Speaker: Ian McCue, Northwestern University 

Past metallurgist: Thomas Eagar

Joining of dissimilar materials is a long-standing engineering challenge because brittle intermetallics readily form when elements chemically interact. This issue is particularly prevalent in aerospace, where platforms consist of many different materials that operate at temperatures where diffusion is active. Current joining strategies rely on rivets and bolts, which add unnecessary weight and volume to these structures. Here, transient liquid phase (TLP) bonding is studied as a viable solution.  TLP involves heating a joint to a temperature where interdiffusion produces a lower melting point liquid, which subsequently undergoes isothermal solidification to form a dense joint. While there have been several key contributors to this technique over the years, Thomas Eagar (DMSE MIT) pioneered much of our understanding on the kinetics of TLP. Professor Eagar was a member of the National Academy of Engineering, a former head of the Department of Materials Science and Engineering, and made many critical contributions to the fields of welding and metallurgy.
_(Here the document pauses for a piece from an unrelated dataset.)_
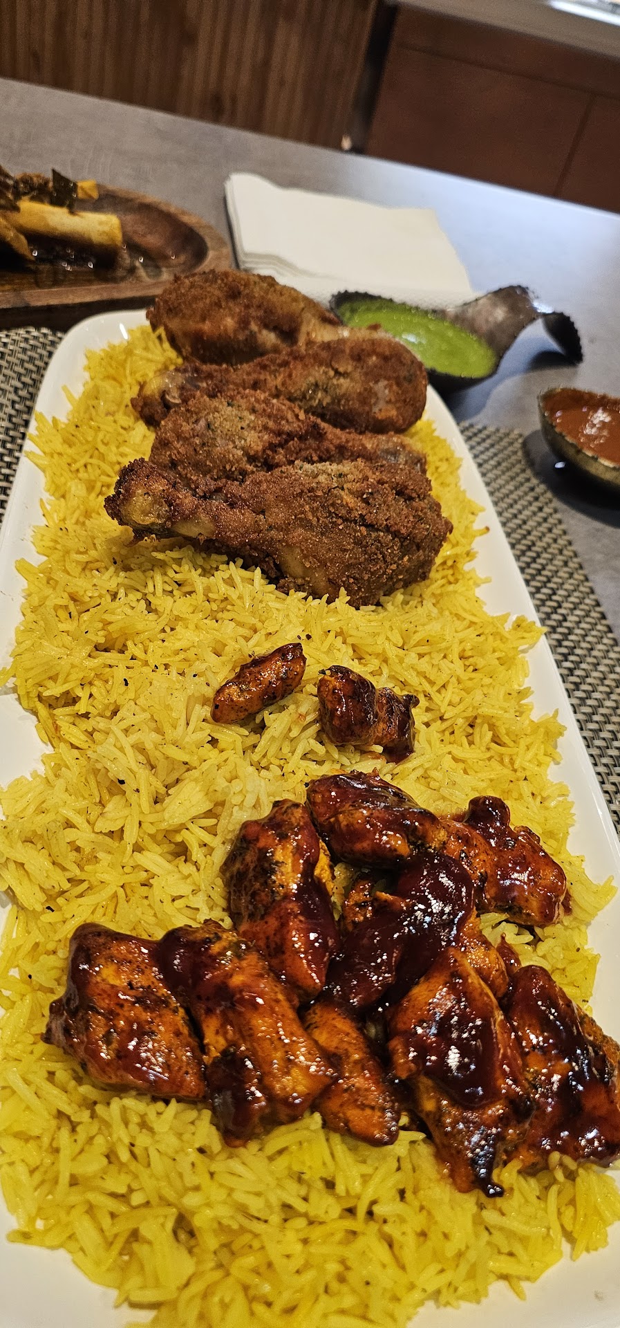 From the festive tropical vibes of a refreshing pineapple drink to the delightful spread of culinary treats, this dining experience is nothing short of exceptional. Kicking off with a beautifully hollowed-out pineapple, complete with a fun straw and an umbrella, the mood is set for an evening of gastronomic indulgence. The main courses are a parade of flavors, featuring perfectly seasoned chicken that falls off the bone, embraced by a bed of vibrant yellow rice that promises to be a feast for both the eyes and the palate. The crispy, golden fried chicken alongside the tantalizing barbecue chicken pieces speaks volumes about the kitchen's attention to both taste and texture.

In this talk we will show how Eagar’s models for TLP can be extended to dissimilar joining – something that was previously considered not possible.

Metals in Motion: Celebrating the Scientific Legacy of Prof. R.W. Armstrong

Speaker: Liliana Romero Resendiz, National Autonomous University of Mexico 

Past metallurgist: Ronald W. Armstrong

This talk will be dedicated to Prof. Ronald W. Armstrong (1934-2023), who was Professor Emeritus at the University of Maryland, United States. His vast contributions were crucial to a deep fundamental understanding of the metallurgical field, including dislocation mechanics, constitutive equations, Hall-Petch relations, Zerilli-Armstrong equations, high-rate metallic deformations, ductile-brittle transition behaviors, and X-ray imaging. In addition to his extensive scientific contributions, he motivated many generations of metallurgists with his exceptional human qualities. This talk will briefly cover Prof. Armstrong's biography, his scientific contributions, and the inspiration his work provided to my research on metallic materials.